Of course, historians aren't the only ones guilty of such modernism. In fact, the chronic manipulators of the past are filmmakers, and I'm not talking about documentarians. Instead, I'm referring to those in the "entertainment" part of the biz, where some bending of history, tweaks of the truth, or downright false or completely made up fabrications are done, all in the name of supposedly making the film more enjoyable or entertaining for audiences.
The latter certainly seems to be the case and the cause of all that's wrong with "Pathfinder." A loose remake of a 1987 Best Foreign Language Film nominee of the same name (that I haven't seen but have heard is decent), the film is set half a millennium before Columbus' arrival in the New World.
Fifteen years after being adopted as the lone young survivor of a Viking incursion turned shipwreck, our hero -- played by Karl Urban (often distractingly resembling Brendan Frasier in action-comedy guise) -- finds himself an accepted outsider, part but certainly not full Native American. Thus, when his former countrymen arrive once again for some additional pillaging, he must battle his own kind while avenging the deaths of his adoptive people.
I have no idea if any of that occurred, although I'm probably not off base by surmising it probably didn't, at least exactly as occurs here. And much of that's because the filmmakers take a period tale and apply all sorts of modern movie storytelling conventions to it.
In fact, just like the Vikings raiding the pristine countryside, taking what they want and killing anyone in their way, the filmmakers here have raided the film vaults for story ideas and various genre conventions, killing any chance the film might have in terms of being any good.
I understand the pic isn't intended as a documentary or any sort of cinematic accompaniment for a history class about those early North American days. Nevertheless, if you're going to the trouble to set the film back then (with all of the accompanying production design, sets, and costumes), at least make it feel as if it belongs and exists within that time frame.
After starting off like a combination of "The New World" and "Apocalypto" (with our hero going on the run and then getting revenge on the invaders who've killed his people), the film starts its raiding, with the first cringe-inducing but fall out of your seat funny theft being from any James Bond film opening set on some snowy, downhill slope.
Yes, you read that right. Having been hit in the back, Urban's character ends up falling onto his shield and sliding down a ski slope, uh, pristine mountainside, with Vikings (no, not those of the Tarkenton tribe) grabbing some impromptu sleds and giving chase. Just as might occur in such a 007 flick, they battle on their way down.

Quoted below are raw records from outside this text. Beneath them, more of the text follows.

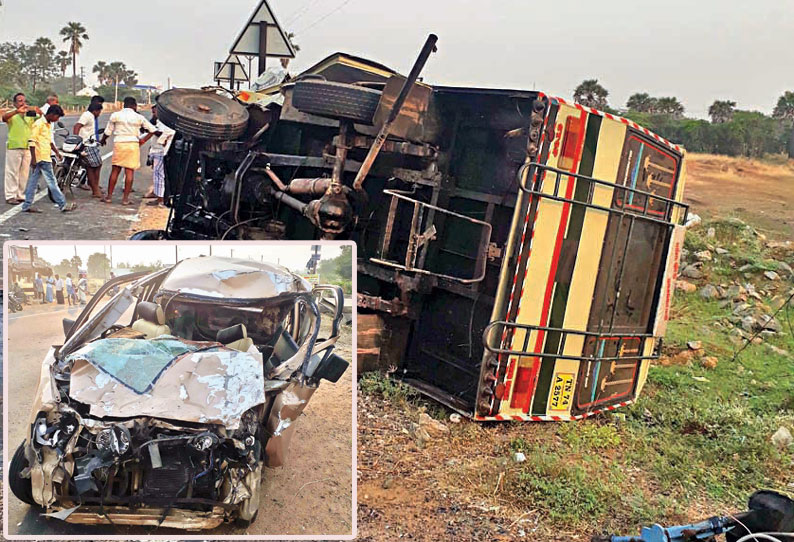 வேனில் பயணம் செய்த திருமலை நம்பி (வயது 62), அவருடைய மனைவி சுந்தரம் அம்மாள் (50), மகள் யசோதா (30), பேரன் கிருஷ்ணன் (10) மற்றும் காரில் பயணம் செய்த விழுப்புரத்தை சேர்ந்த ராஜேஷ் (35), திருத்தானூர் வசந்தராஜன் (30), குழந்தை ஏசு (25) ஆகியோர் காயம் அடைந்தனர்.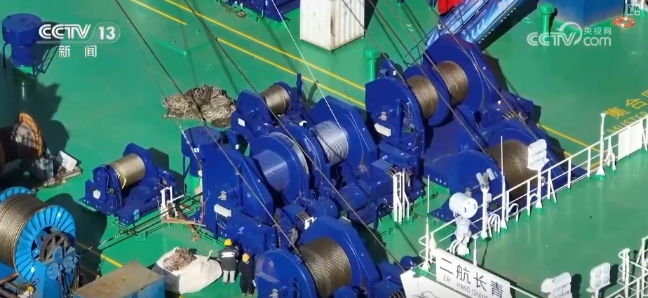 “二航长青”轮的尺度在世界上首屈一指,超大的船体尺寸带来了超强的抗风浪能力。此外,甲板上好安装有10台100吨拉力的定位绞车,组成了一个打桩定位系统,在北斗卫星的帮助下,“二航长青”能够在深远海实现厘米级的定位精度。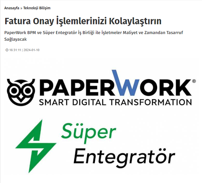 PaperWork BPM ve Süper Entegratör İş Birliği, Fatura Onay Süreçlerini Otomatikleştiriyor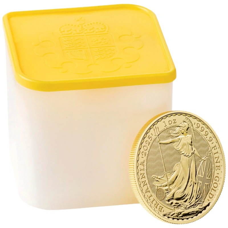 The 2025 Britannia 1oz is a British gold coin, minted by the Royal Mint. The weight of the coin is 31.21 grams with a fineness of 999.9 (24 carat gold), this means it contains 31.10348 grams of pure gold. The diameter of the coin is 32.69 mm. The 1oz Britannias have a face value of 100 Pounds and are legal tender in the UK.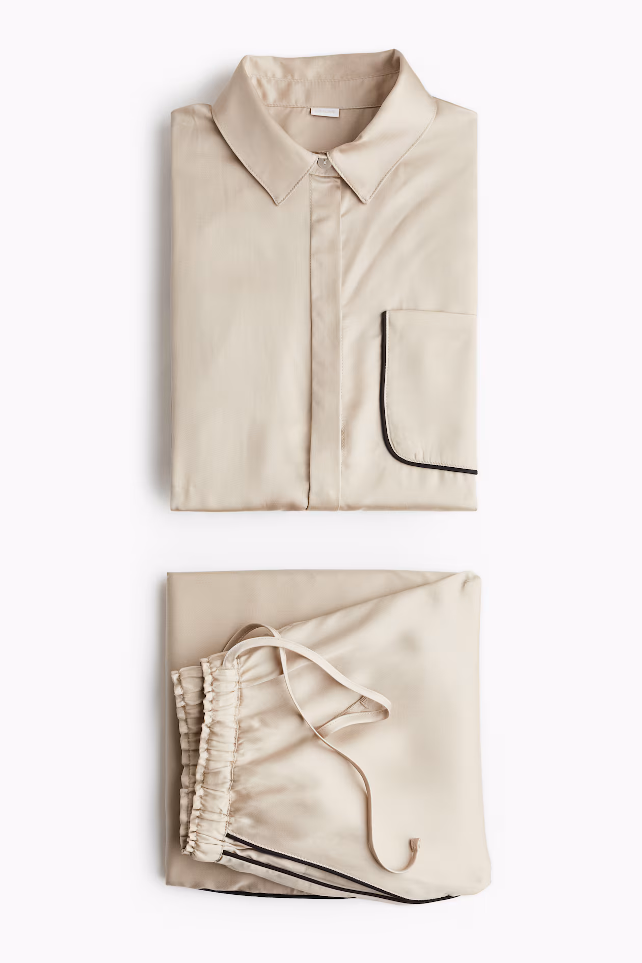 Pajama shirt and pants in softly draped satin with contrasting piping. Long-sleeved shirt with a turn down collar, concealed buttons at front, and an open chest pocket. Pants with an elasticized, drawstring waistband, side-seam pockets, and wide legs.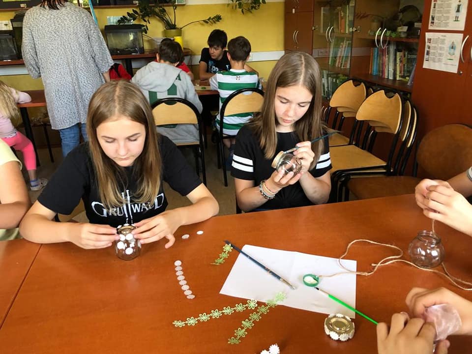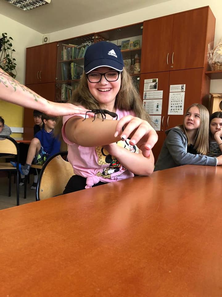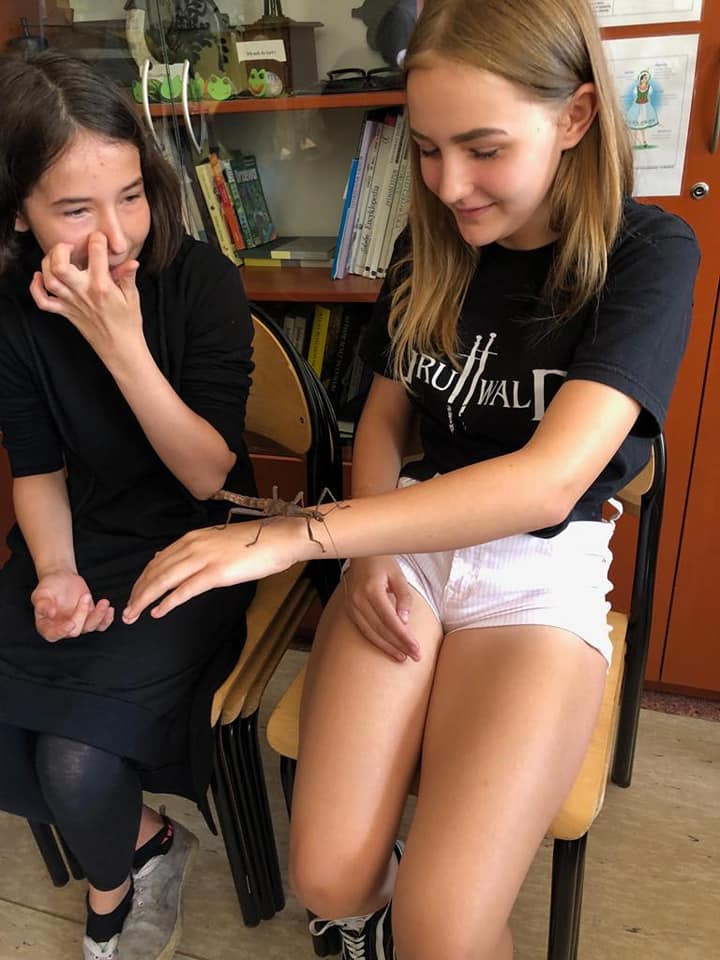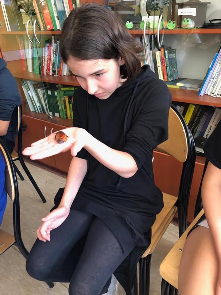 Po powrocie czekały na nas zajęcia pt. „Przytul karalucha, czyli jak polubić owady”. Mieliśmy okazję zobaczyć z bliska takie cuuuuudowne żyjątka jak Straszyk filipinski , Ślimak afrykanski, Karaczan madagaskarski. To było wspaniałe przeżycie! Nie zabrakło zajęć artystycznych- robiliśmy lampiony fluorescencyjne. Wyszły nam przepięknie! Były dziś również zabawy bankami mydlanymi! A wieczorem ognisko! Miło jest razem posiedzieć przy ciepełku.

Coupled with dialogue that progressively becomes more modern sounding as the film rolls through the projector (or spins off the DVD when this hits the home video market, which shouldn't be long), the film becomes something of an unintentional hoot. That's because it liberally borrows from so many sources -- including but certainly not limited to the aforementioned films along with "Predator," "Lethal Weapon," and even the Bible, etc. -- that I lost count.
All of which might have been fine had director Marcus Nispel - who works from an adaptation of the 1987 film by Laeta Kalogridis -- made all of the action exciting or the story interesting. Unfortunately, the characters are less than engaging, save for Russell Means slightly making his title character interesting. And the kinetic material is so derivative -- not surprising, considering the helmer's previous work has been the remake of "The Texas Chainsaw Massacre" and a slew of music videos -- that there's no fun to be had, save for trying to name every previous source of "inspiration" for the film's various scenes.
It's so over the top in such regards that it nearly seems intentional, but methinks the irony of "Pathfinder" having that very title is lost on everyone involved in this film as it fails to discover a new way to traverse its well-traveled surroundings. The film rates as a 3 out of 10, just for providing some unexpected and presumably unintentional laughs.